= 2017 Pakistan Super League spot-fixing scandal =

Betting scandal in cricket

The 2016 Pakistan Super League spot-fixing scandal arose in February 2016 when the Pakistan Cricket Board (PCB) suspended several cricketers under its anti-corruption code in an ongoing investigation on spot-fixing, backed by International Cricket Council (ICC)'s Anti-Corruption and Security Unit, during the 2016 Pakistan Super League. The six cricketers that were suspended by the PCB were: Sharjeel Khan (on 10 February), Khalid Latif (on 10 February), Nasir Jamshed (on 13 February), Mohammad Irfan (on 14 March), Shahzaib Hasan (on 17 March) and Mohammad Nawaz (16 May).

In March 2016, the PCB banned Irfan for one year from all forms of the game after he pleaded guilty to the charges. After several months of hearing, in August 2016, Sharjeel was found guilty on five counts of the charges and banned for five years from all forms of cricket. Latif was banned for five years in September 2016, being found guilty on six counts of the charges. Jamshed and Shahzaib were each handed a one-year ban in December 2016 and February 2018, respectively. In August 2018, Shahzaib's ban was extended to 4 years and Jamshed received a 10-year ban from all forms of cricket.

==Allegations==
- Sharjeel allegedly received 2 million Pakistani rupees in order to play two dot balls in the match against Peshawar Zalmi.
- Latif was allegedly given bat grips by bookies which he had rolled on to his bat to indicate that he would go through with the spot-fixing. He was also accused of persuading three other players to participate in the fixing.
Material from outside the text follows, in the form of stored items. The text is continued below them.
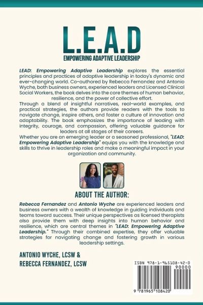 LEAD: Empowering Adaptive Leadership explores the essential principles and practices of adaptive leadership in today's dynamic and ever-changing world. Co-authored by Rebecca Fernandez and Antonio Wyche, both business owners, experienced leaders and Licensed Clinical Social Workers, the book delves into the core themes of human behavior, resilience, and the power of collective effort. Through a blend of insightful narratives, real-world examples, and practical strategies, the authors provide readers with the tools to navigate change, inspire others, and foster a culture of innovation and adaptability. The book emphasizes the importance of leading with integrity, courage, and compassion, offering valuable guidance for leaders at all stages of their careers. Whether you are an emerging leader or a seasoned professional, "LEAD: Empowering Adaptive Leadership" equips you with the knowledge and skills to thrive in leadership roles and make a meaningful impact in your organization and community.
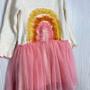Mud Pie Girls Dress Rainbow Long Sleeve Size 2T-3T Tulle Skirt Pink Orange
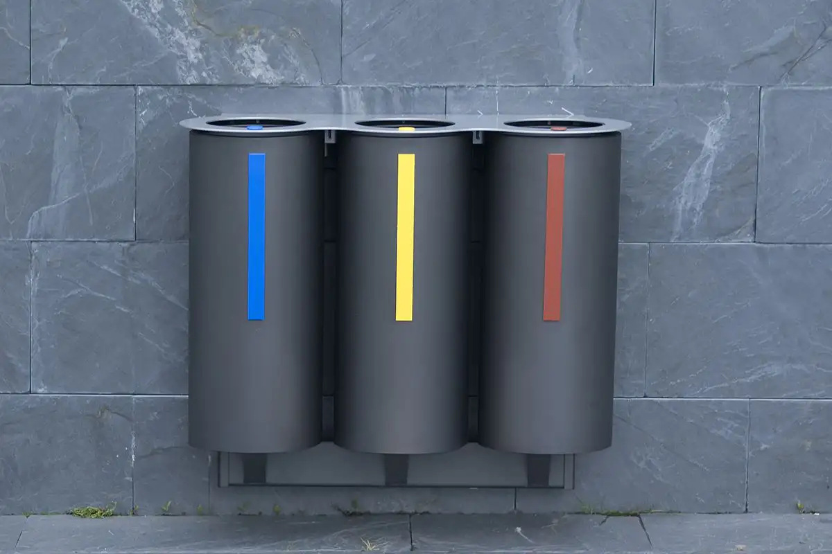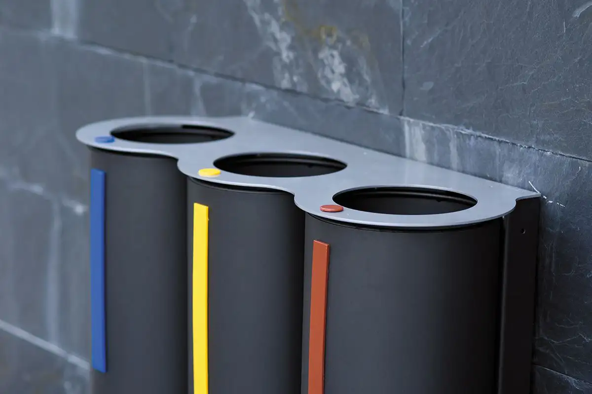 Conçue pour le tri, la corbeille urbaine SINGULAR existe en deux versions : à fixer au sol ou murale.Chaque version est équipée de trois bacs, chacun doté d’un indicateur de couleur : jaune pour les emballages et le plastique, bleu pour le papier et le carton, et marron pour les déchets organiques. Les corbeilles SINGULAR sont conçues pour accueillir un sac plastique facilitant le retrait des différents bacs.

==Charges and punishment==

| Sharjeel Khan (Ban of 5 years) | Khalid Latif (Ban of 5 years and fine of ₨. 1 million) |
|---|---|
| 2.1.1: Fixing or influencing improperly the result of a match; 2.1.2: Ensuring betting the occurrence of an incident in a match; 2.1.3: Seeking, accepting, offering or agreeing to accept bribe/reward to fix or ensure betting; 2.4.4: Failing to disclose corrupt approaches to PCB's Vigilance & Security Department (VSD); 2.4.5: Failing to disclose to PCB's VSD any incident breaching PCB's anti-corruption code; | 2.1.1: Fixing or influencing improperly the result of a match; 2.1.2: Ensuring betting the occurrence of an incident in a match; 2.1.3: Seeking, accepting, offering or agreeing to accept bribe/reward to fix or ensure betting; 2.4.4: Failing to disclose corrupt approaches to PCB's VSD; 2.4.5: Failing to disclose to PCB's VSD any incident breaching PCB's anti-corruption code; Persuading three other players (Sharjeel, Irfan and Shahzaib) to take part in fixing; |
| Mohammad Irfan (Ban of 1 year and fine of ₨. 1 million) | Mohammad Nawaz (Suspension of 2 months and fine of ₨. 200,000) |
| 2.4.4: Failing to disclose corrupt approaches to PCB's VSD; | 2.4.4: Failing to disclose corrupt approaches to PCB's VSD; |
| Nasir Jamshed (Ban of 1 year) | Shahzaib Hasan (Ban of 1 year and fine of ₨. 1 million) |
| 2.4.6: Not co-operating with an investigation; 2.4.7: Obstructing or delaying an investigation; | 2.1.4: Directly or indirectly facilitating with corrupt activities; 2.4.4: Failing to disclose corrupt approaches to PCB's VSD; 2.4.5: Failing to disclose to PCB's VSD any incident breaching PCB's anti-corruption code; |

==Timeline==
===February===
On 10 February, it was reported that Sharjeel Khan and Khalid Latif were questioned and provisionally suspended by the PCB's Anti-Corruption Unit (ACU) after the conclusion of the opening match of the 2017 Pakistan Super League which was being held in the UAE. Islamabad United player Mohammad Irfan was also questioned by the Anti-Corruption Unit along with his teammates Sharjeel and Latif, with the PCB announcing that, unlike the other two, Irfan would not "face any immediate suspension." On 11 February, Zulfiqar Babar and Shahzaib Hasan were also questioned by the Anti-Corruption Unit, but were allowed to take further part in the tournament.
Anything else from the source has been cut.